+++ INPUT DATA +++

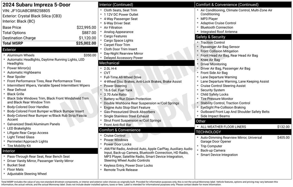 Although every reasonable effort has been made to ensure the accuracy of the information contained on this site, absolute accuracy cannot be guaranteed. The Dealership is not responsible for any unintended typographical, pricing, product specification, advertising, shipping or other errors. Advertised prices and availability are subject to change without notice. All vehicles are subject to prior sale. Vehicle sale prices include a factory rebate, if applicable, and are valid on cash or finance purchases only by an individual for their personal use. The sale price does not apply to a lease. All pricing and advertised prices for any/all vehicles offered for sale does not include dealer installed accessories: Karr Security & Replacement $1,495, Xylon Paint & Fabric Protection $995, AGWS Compass Etch $995, and Old Republic Windshield Replacement & Repair $1,495. The factory rebate(s) may not be available if you elect to take advantage of a special alternative APR or special lease program. Some factory rebates are California resident specific and may vary for residents of other states. NO sales to Dealers, brokers, or exporters. For out of state purchases, customer must be present to purchase. If shipping is required, Dealership must facilitate - no exceptions. Please contact us for special multi-vehicle or fleet pricing. Prices plus government fees and taxes, any finance charges, any dealer document processing charge, any electronic filing charge, and any emission testing charge.
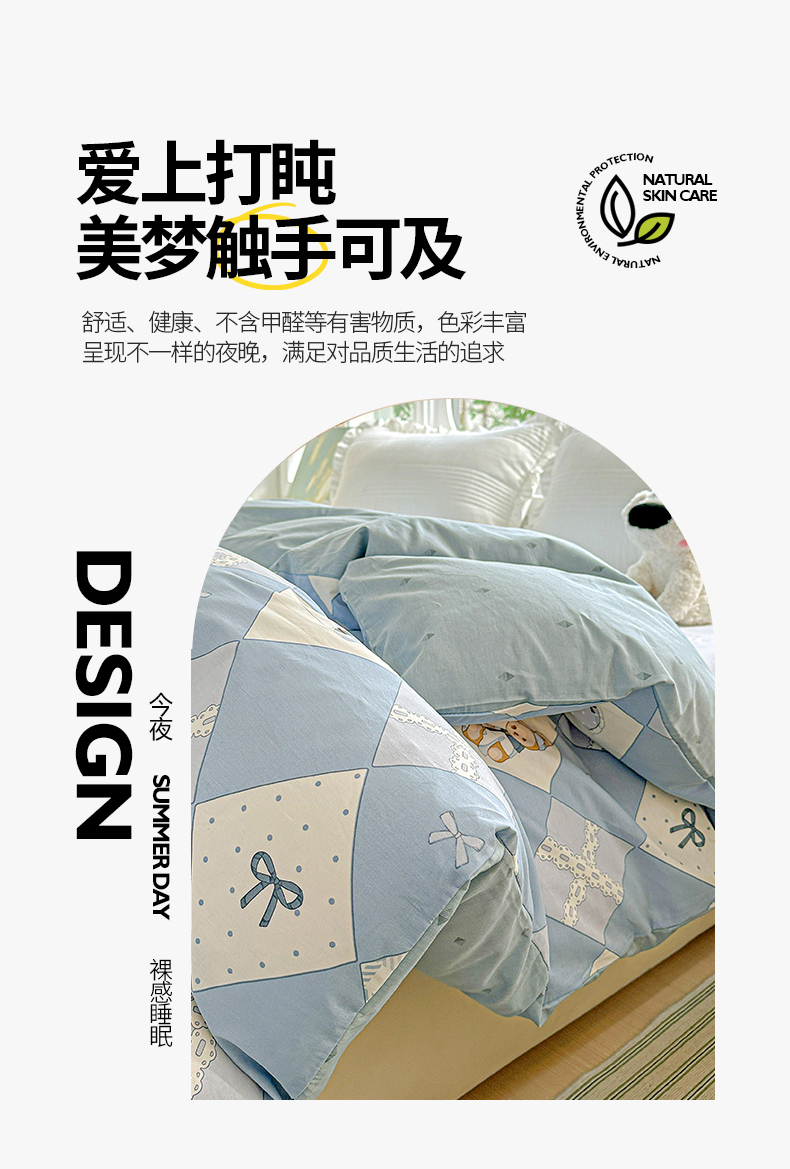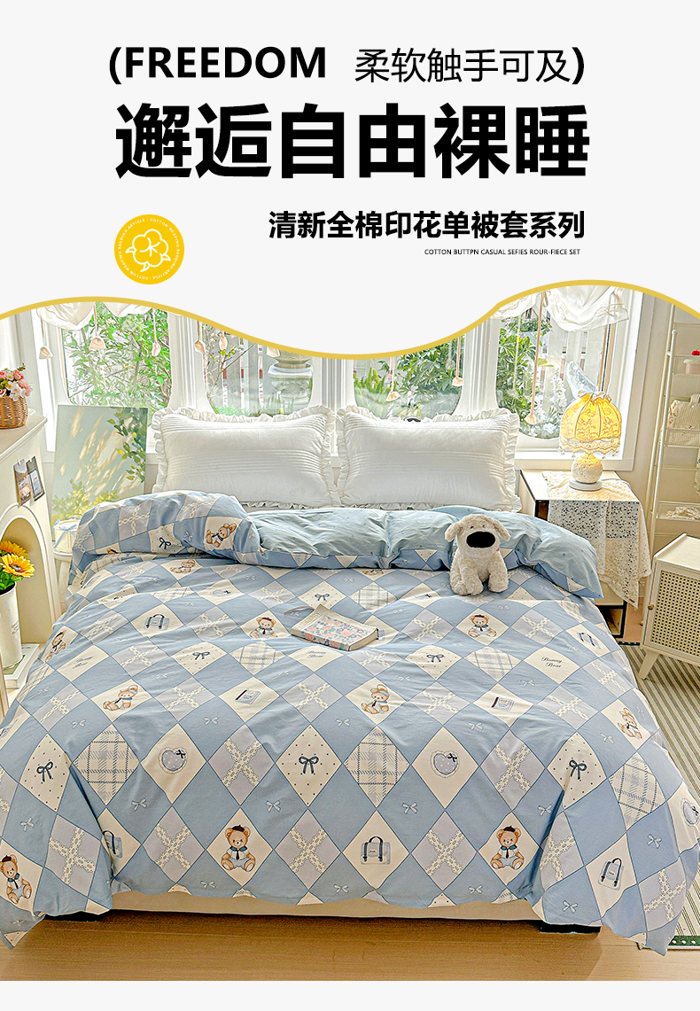 恩泽家纺 2026春夏新款全棉12868印花四件套单品系列-单被套-提供买家秀,预留缩水率 学院风
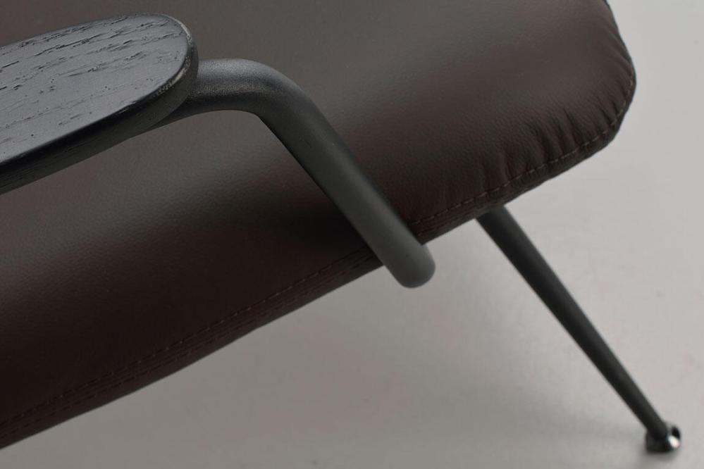 Stoppad sits och rygg, klädd med riktigt läder. Stomme i pulverlackad metall i sandstruktur, och armstöd i massiv ek ...

+++

> **EXERCISE AIM**
Only the listing above, set down exactly and without pictures, belongs in the answer.

> **RESPONSE TO THIS EXERCISE**
 Although every reasonable effort has been made to ensure the accuracy of the information contained on this site, absolute accuracy cannot be guaranteed. The Dealership is not responsible for any unintended typographical, pricing, product specification, advertising, shipping or other errors. Advertised prices and availability are subject to change without notice. All vehicles are subject to prior sale. Vehicle sale prices include a factory rebate, if applicable, and are valid on cash or finance purchases only by an individual for their personal use. The sale price does not apply to a lease. All pricing and advertised prices for any/all vehicles offered for sale does not include dealer installed accessories: Karr Security & Replacement $1,495, Xylon Paint & Fabric Protection $995, AGWS Compass Etch $995, and Old Republic Windshield Replacement & Repair $1,495. The factory rebate(s) may not be available if you elect to take advantage of a special alternative APR or special lease program. Some factory rebates are California resident specific and may vary for residents of other states. NO sales to Dealers, brokers, or exporters. For out of state purchases, customer must be present to purchase. If shipping is required, Dealership must facilitate - no exceptions. Please contact us for special multi-vehicle or fleet pricing. Prices plus government fees and taxes, any finance charges, any dealer document processing charge, any electronic filing charge, and any emission testing charge.
 恩泽家纺 2026春夏新款全棉12868印花四件套单品系列-单被套-提供买家秀,预留缩水率 学院风
 Stoppad sits och rygg, klädd med riktigt läder. Stomme i pulverlackad metall i sandstruktur, och armstöd i massiv ek ...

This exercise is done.